Friday, December 19, 2008

Denial of Due Process?

I helped my friend write a brief a few months back. The issue was whether a statute which stated:

any presentence report . . . shall be privileged and shall not be disclosed directly or indirectly to anyone other
than a judge, probation officers to whom an offender’s file is duly transferred, the probation administrator or his or her designee, or others entitled by law to receive
such information, including personnel and mental health professionals for the nebraska state patrol specifically
assigned to sex offender registration and community notification for the sole purpose of using such report or examination for assessing risk and for community notification of registered sex offenders. ... the court may permit inspection of the report or examination of parts thereof by the offender or his or her attorney, or other person having a proper interest therein, whenever the court finds it is in the best interest of a particular offender.


requires the court to make a finding of "best interests" finding before allowing the prosecution to review the PSI.

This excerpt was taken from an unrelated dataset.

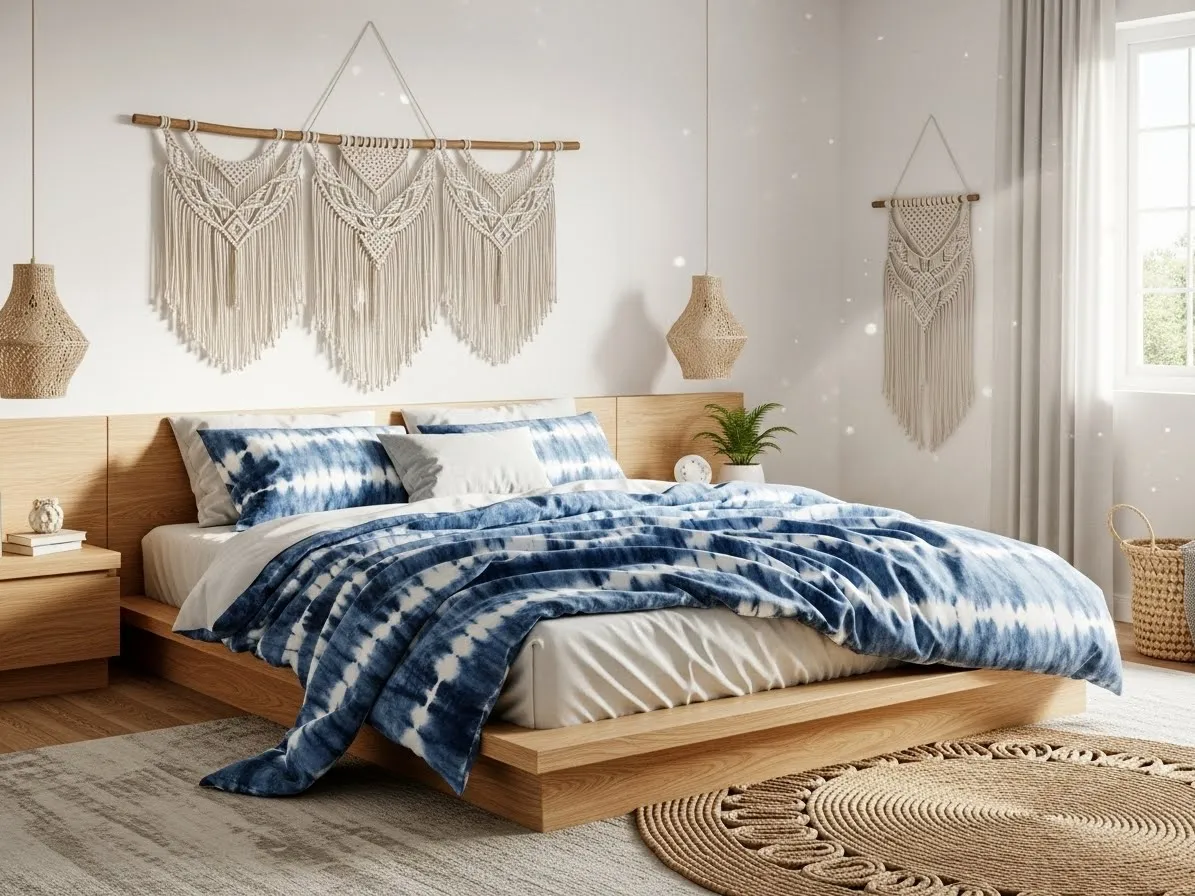 Tie-dye or softly patterned blue and white bedding adds a relaxed, beach-inspired vibe. Pair it with a light wood bed frame, macramé wall hangings, and a seagrass rug to complete the look.

In short, the issue was whether the prosecutor was (1) automatically entitled to review the report (a member of the group of "others entitled by law" to review the PSI) or (2) whether he or she was- like the Defendant and his or her attorney- not automatically entitled to review it until the court found that viewing it was in the Defendant's best interests.

Note that if the Nebraska Supreme Court found that the prosecutor was a member of group (1), an absurd result, where the prosecutor saw it and the Defendant could not, was bound to happen. After all, if the prosecutor doesn't have to ask before viewing this "privileged" document and the defendant does, all it takes is for one judge to say no before a situation arises in which the prosecutor and the probation officer have access to a document that the Defendant doesn't, prior to sentencing.

The opinion was released today and that's exactly how the court ruled:

In order to facilitate full adversary testing of issues relevant to sentencing, it is necessary for the prosecutor to have access to information in the psI in order to evaluate factors relevant to
sentencing and make informed arguments to the court regarding the proper sentence. For these reasons, we conclude that prosecutors are among the “others entitled by law to receive” the information in a psI under § 29-2261(6). We conclude as a matter of law that because prosecutors
are “entitled by law to receive” the information in the psI, it is not necessary under § 29-2261(6) for a court to determine whether it is in the best interest of the defendant before allowing the prosecutor access to the psI. We therefore conclude that the county court did not err in overruling albers’
motion to preclude review of the psI by the prosecuting authority and that the district court did not err in affirming such decision.


However, compare the Court's reasoning below with the statute above:

[S]entencing is a critical stage of a criminal proceeding, Mempa v. Rhay, 389 U.s. 128, 88 s. Ct. 254, 19 L. ed. 2d 336 (1967), and the information in a psI is relevant to sentencing. In order to facilitate full adversary testing of issues relevant to sentencing, it is necessary for the prosecutor to have access to information in the psI in order to evaluate factors relevant to sentencing and make informed arguments to the court regarding the proper sentence.


If sentencing is a "critical stage" and "full adversar[ial] testing of issues relevant to sentencing, it is necessary for the prosecutor to have access to information in the PSI... to evaluate factors relevant to sentencing and make informed arguments... regarding the proper sentence" then how can the statute at issue not violate due process since it requires the Defendant to ask the judge to view this document but entitles the prosecutor automatic access "as a matter of law?"

It's not surprising that a Court would exalt a prosecutor- that's the age we live in- but in exalting him in this way, didn't the Nebraska Supreme Court create a scheme that violates Due Process? All it takes is for one judge to say no to a Defendant and the prosecutor will see what the accused cannot.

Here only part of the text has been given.